Atlas Lithium Corporation (ATLX) Fair Value & Analysis
Basic Materials · US · Market cap $113M
Fair value as of: Jun 24, 2026
Analysis
Atlas Lithium Corporation (ATLX) currently trades at $3.69, while our model-based Fair Value estimate is $5.28 — implying the stock looks roughly 43.1% undervalued today. We read business quality at 94/100 (high quality), in the Basic Materials sector. Bull case: trading below our estimate, it may offer upside if the fundamentals hold.
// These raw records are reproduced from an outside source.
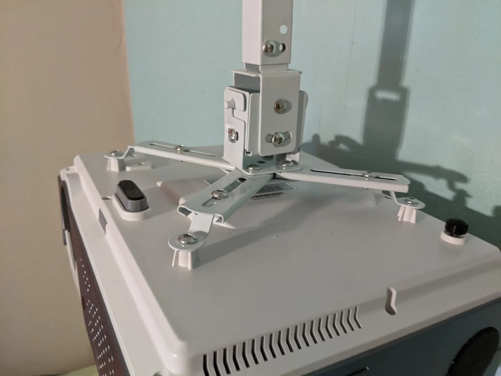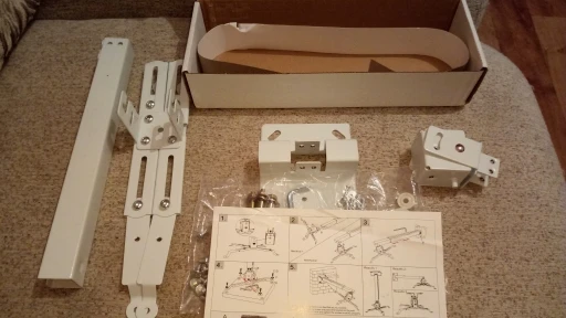очень быстро приехал курьерской доставкой. буквально за несколько дней.покупали для проектора WZATCO C2. подошел хорошо за счет того, что есть регулировка креплений. собрался мужем за полчаса. проблем с резьбой на болтах не возникло.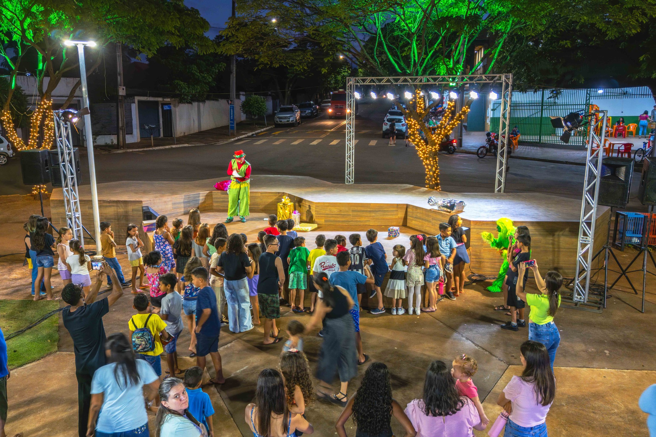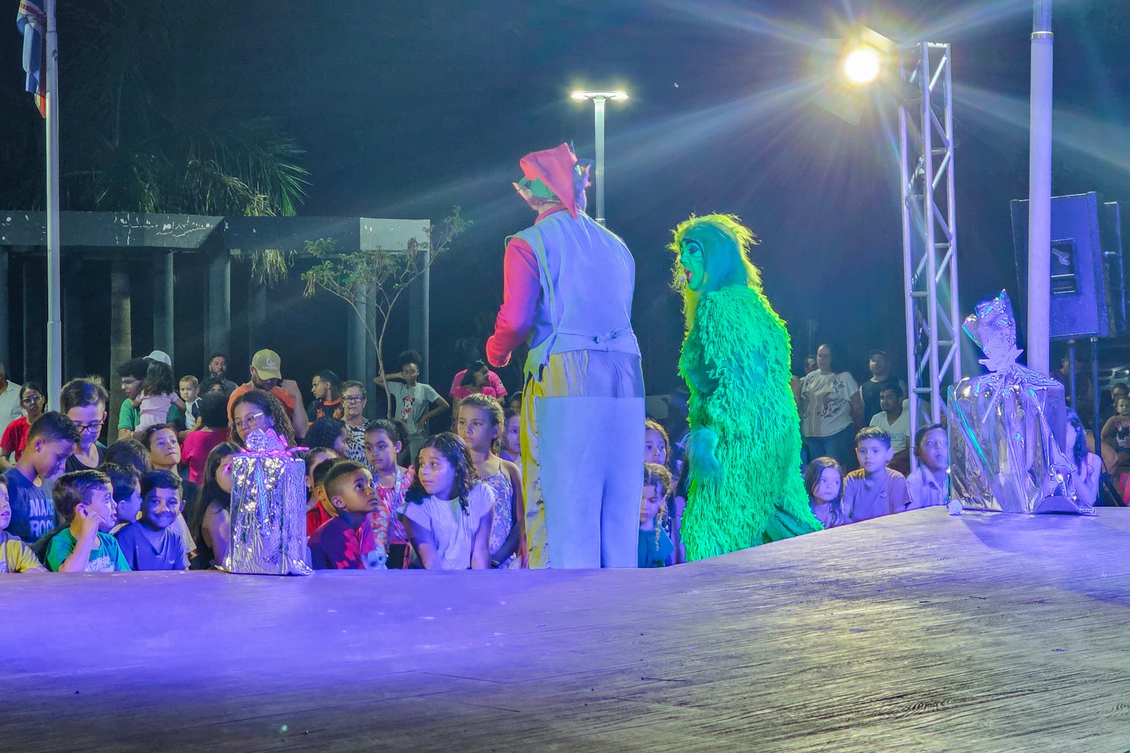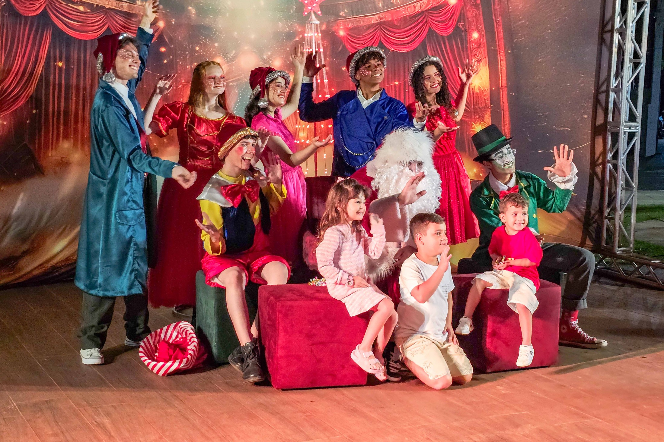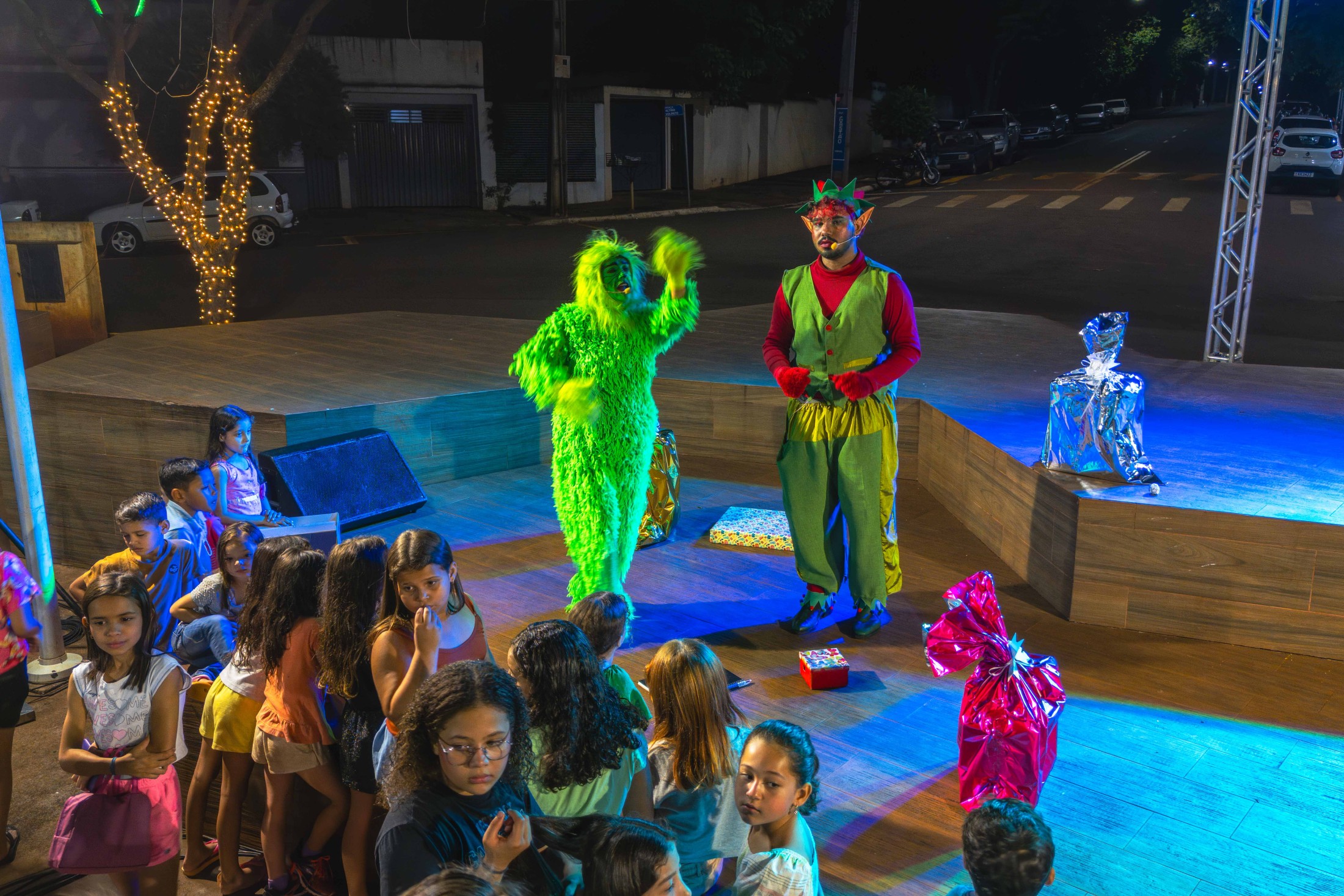 Já o distrito de São Lourenço recebeu a caravana natalina na terça-feira (16). A Praça 7 de Setembro tornou-se o ponto de encontro para os moradores assistirem à releitura do clássico “Pinóquio”, trazida pela CIA de Teatro Eskéte. Além das atrações profissionais, o evento valorizou os talentos da casa. Alunos dos Centros Municipais de Educação Infantil (CMEIs) Criança Esperança e Monteiro Lobato subiram ao palco e emocionaram o público com apresentações preparadas especialmente para a ocasião.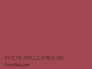 XYZ 18.436,12.678,9.26 Color is a normal red color and the nearest color is English Red #ab4b52. Hex code #a14751 and RGB value is rgb(161,71,81). In RGB color space, this color is composed of 63% red, 28% green, 32% blue, In CMYK color space, this color is composed of 0% cyan, 56% magenta, 50% yellow , 37% black , In HSL color space, this color has a hue angle of 353° , 39% saturation and 45% lightness.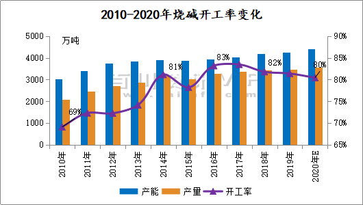 由此可見,2020年全國總產能實現穩步增長,但整體增速相比同期有所下降,受全球公共衛生事件沖擊,燒堿下游需求表現不佳,整體行情不甚樂觀。出于整體需求和供需平衡考量,預計未來產能增速將有放緩表現,具體發展變化還需關注后續全球公共衛生事件處置情況及市場行情實時變化。

Bear case: a low price can be a value trap when quality is weak or the data is thin (evidence: low) — always confirm before acting.
About the company
Atlas Lithium Corporation operates as a mineral exploration and development company in Brazil. It operates the Minas Gerais Lithium project that consists of 85 mineral rights covering an area of 468 square kilometers located in northeastern Minas Gerais, Brazil; and Northeastern Brazil Lithium project covering an area of 71 square kilometers located in the States of Paraíba, Rio Grande do Norte, and Tocantins. The company is also involved in the exploration and development of mineral rights relating to minerals, such as rare earths, copper, titanium, graphite, nickel, iron, gold, and quartzite. The company was formerly known as Brazil Minerals, Inc. and changed its name to Atlas Lithium Corporation in October 2022. Atlas Lithium Corporation was founded in 2011 and is based in Belo Horizonte, Brazil.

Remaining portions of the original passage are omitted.